Page 25 of Hunter Moon

“What are you talking about? I mean that you’re an asshole, and you abandoned him. You don’t deserve to have him back.” He put down the clipboard he’d been holding and took a step toward me, then seemed to think better of it. Most people did that when they thought about trying me, and considering that Joey was trying to put himself between me and Brook, it was a damn smart thing for him to do.

Under normal circumstances, I was as harmless as an alpha werewolf who’d gone through my training could be. I didn’t go looking for fights. I never started them.

Right now, though, I was ready to vibrate out of my skin, my wolf pacing just beneath the surface, ready for me to pounce on this asshole and tear him to pieces just for being physically between me and Brook—let alone thinking he had some right to Brook’s time and I didn’t.

I slid my hands back into my pockets, curling them into balls and trying to fight back my claws as I answered. “People can’t be won, or earned, or deserved, orhad. People get to say what they want. You wanna say I don’t deserve to be forgiven? Sure, probably not. But don’t put a value on Brook. What hedeservesis better than that.”

He glared at me, but didn’t take another step forward. “You’re nitpicking words.”

“Words mean things,” I said with an insolent shrug that my CO had occasionally called “fucking douchey, Grove.”

His response was to clench his teeth so hard that they squeaked.

Fortunately for him, Brook came out of the back before he could do anything we would both regret. He had a bag over his shoulder, and shot both of us a narrow-eyed stare as he came to join me by the door.

“I’ll see you the day after tomorrow, Joseph,” he told Joey as he passed him. Then he waved a hand in front of him, as though ushering me forward. “Let’s go.”

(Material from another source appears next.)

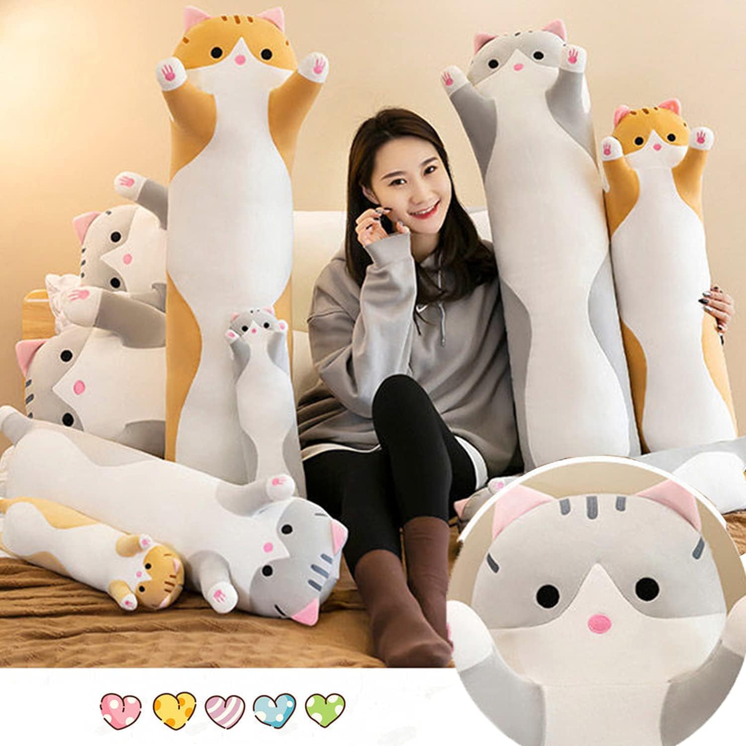Giant Cat Pillow Plush Cartoon Kitty Sleeping Hugging Pillow, Cuddly Soft Long Kitten Body Pillow Doll Cat Cushion Toy for Kids Girlfriend (Gray, 50cm/19.68inch)

He didn’t say “start talking,” or “you’ve got five minutes,” but it wouldn’t have been a surprise if he had. Brook was not accepting shit today, so I’d better start talking, and say something worthwhile in the next five minutes.

14

Brook

It wasn’t lost on me that Joseph and Aspen wanted to bare their teeth and snarl at each other, maybe tumble into the street for a good-old alpha brawl. Thank god, they managed to tamp that impulse down, because there was no damn way I wouldn’t throw myself in the middle of it—growl and snarl and throw a couple punches of my own just to work some of this tension out.

I could fight an alpha. Totally.

It wasn’t like I’d tried and failed to protect myself only a couple months ago. Wasn’t like I felt smaller and less capable than I had in my whole life.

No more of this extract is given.